───── Data section
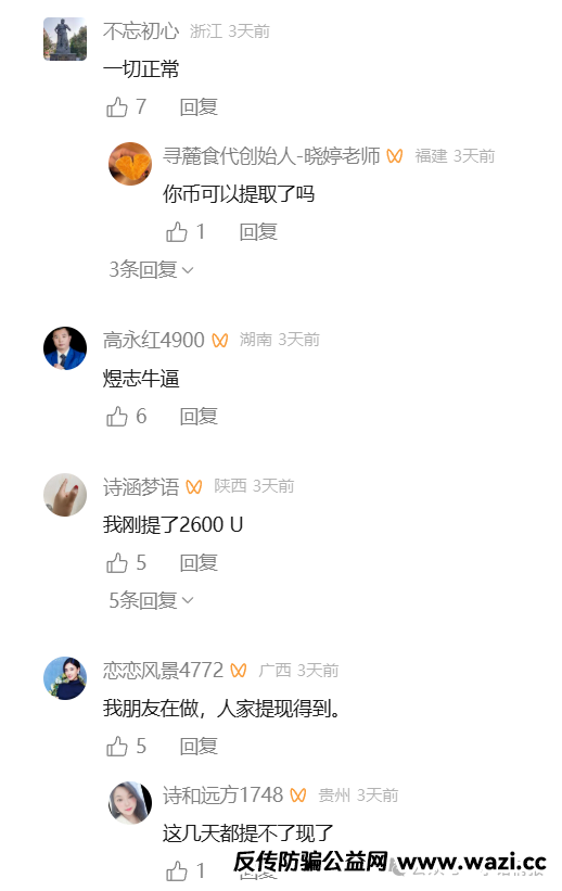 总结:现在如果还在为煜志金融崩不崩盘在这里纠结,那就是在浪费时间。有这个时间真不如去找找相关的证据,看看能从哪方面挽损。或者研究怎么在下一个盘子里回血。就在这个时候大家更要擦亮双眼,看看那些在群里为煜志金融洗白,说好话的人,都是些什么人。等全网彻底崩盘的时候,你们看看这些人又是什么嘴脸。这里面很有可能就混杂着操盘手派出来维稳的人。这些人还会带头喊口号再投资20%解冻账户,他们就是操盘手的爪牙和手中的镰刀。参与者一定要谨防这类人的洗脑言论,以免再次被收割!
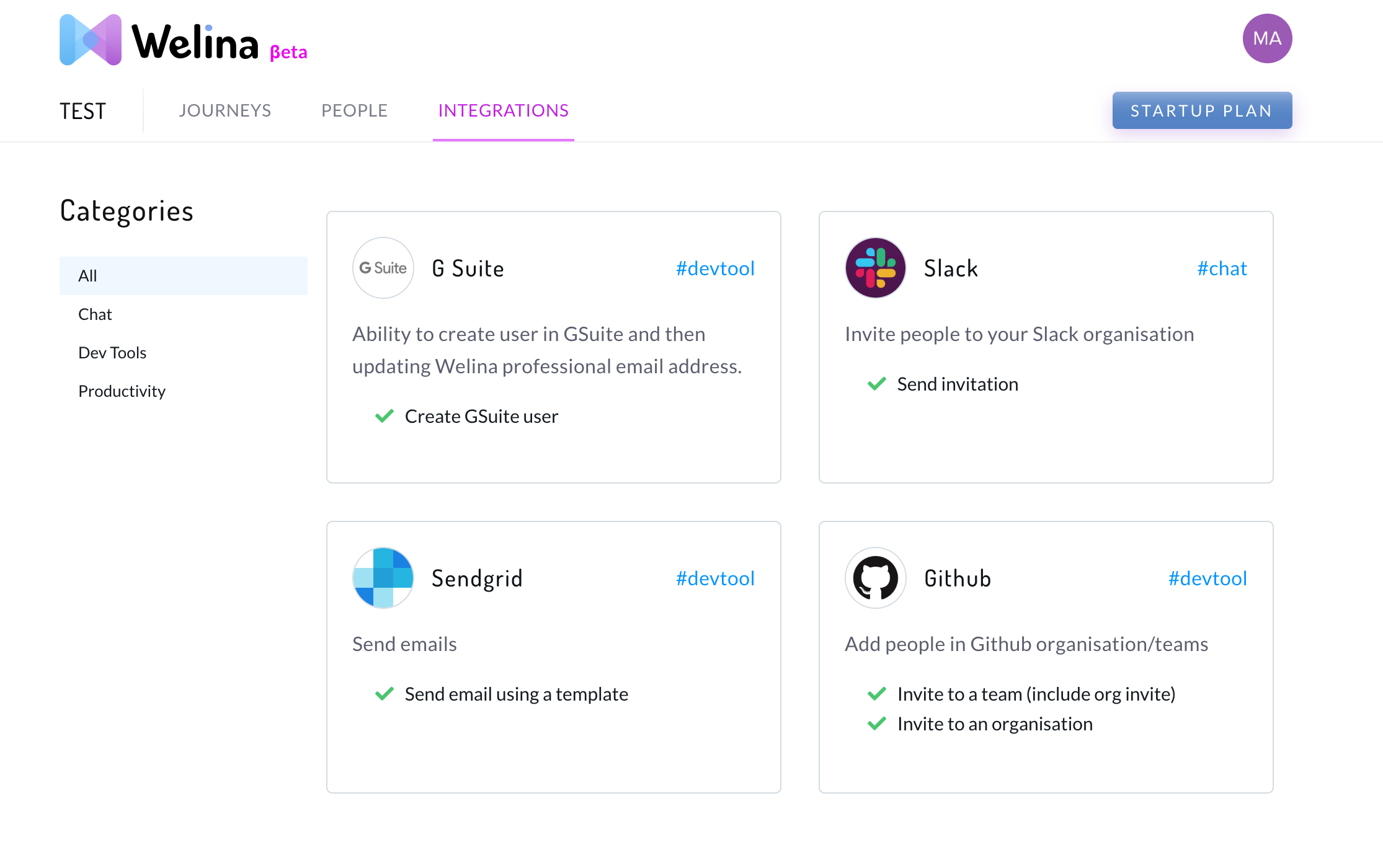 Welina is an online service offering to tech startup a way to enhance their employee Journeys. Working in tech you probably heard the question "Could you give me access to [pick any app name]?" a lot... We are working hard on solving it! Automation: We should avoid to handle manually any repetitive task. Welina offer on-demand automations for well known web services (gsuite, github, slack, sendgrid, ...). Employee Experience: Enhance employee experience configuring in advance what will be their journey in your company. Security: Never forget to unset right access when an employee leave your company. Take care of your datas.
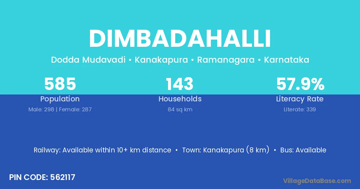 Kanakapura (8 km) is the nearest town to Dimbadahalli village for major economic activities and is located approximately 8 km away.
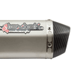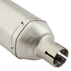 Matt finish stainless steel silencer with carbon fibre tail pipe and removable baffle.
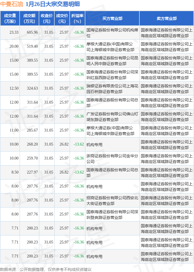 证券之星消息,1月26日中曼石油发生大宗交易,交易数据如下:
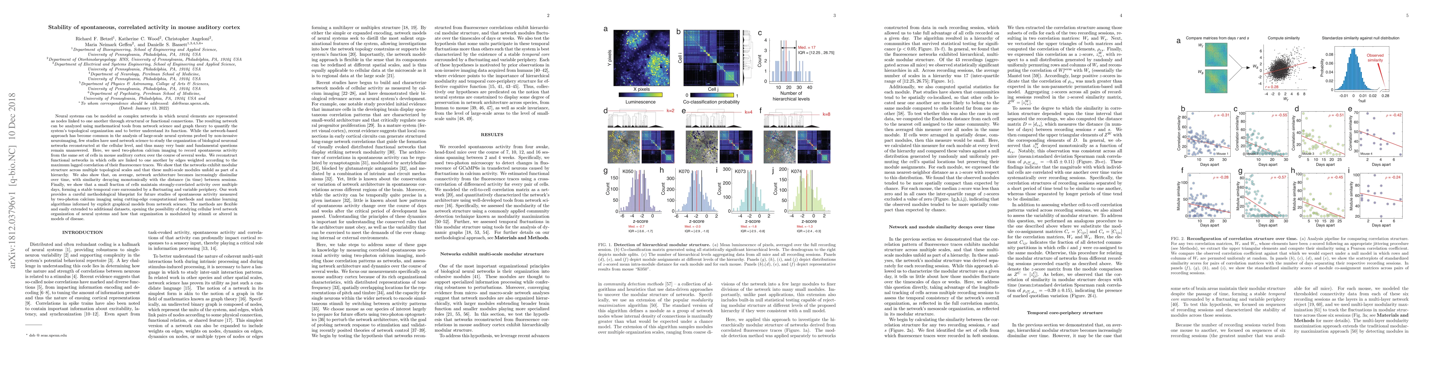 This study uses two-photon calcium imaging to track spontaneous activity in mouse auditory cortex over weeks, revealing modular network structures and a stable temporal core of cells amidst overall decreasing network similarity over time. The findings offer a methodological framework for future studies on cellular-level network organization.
──────────
## What the task asks
If a line holds an image, leave the image out; retype everything else in the entries exactly.

## Response area
 总结:现在如果还在为煜志金融崩不崩盘在这里纠结,那就是在浪费时间。有这个时间真不如去找找相关的证据,看看能从哪方面挽损。或者研究怎么在下一个盘子里回血。就在这个时候大家更要擦亮双眼,看看那些在群里为煜志金融洗白,说好话的人,都是些什么人。等全网彻底崩盘的时候,你们看看这些人又是什么嘴脸。这里面很有可能就混杂着操盘手派出来维稳的人。这些人还会带头喊口号再投资20%解冻账户,他们就是操盘手的爪牙和手中的镰刀。参与者一定要谨防这类人的洗脑言论,以免再次被收割!
 Welina is an online service offering to tech startup a way to enhance their employee Journeys. Working in tech you probably heard the question "Could you give me access to [pick any app name]?" a lot... We are working hard on solving it! Automation: We should avoid to handle manually any repetitive task. Welina offer on-demand automations for well known web services (gsuite, github, slack, sendgrid, ...). Employee Experience: Enhance employee experience configuring in advance what will be their journey in your company. Security: Never forget to unset right access when an employee leave your company. Take care of your datas.
 Kanakapura (8 km) is the nearest town to Dimbadahalli village for major economic activities and is located approximately 8 km away.
 Matt finish stainless steel silencer with carbon fibre tail pipe and removable baffle.
 证券之星消息,1月26日中曼石油发生大宗交易,交易数据如下:
 This study uses two-photon calcium imaging to track spontaneous activity in mouse auditory cortex over weeks, revealing modular network structures and a stable temporal core of cells amidst overall decreasing network similarity over time. The findings offer a methodological framework for future studies on cellular-level network organization.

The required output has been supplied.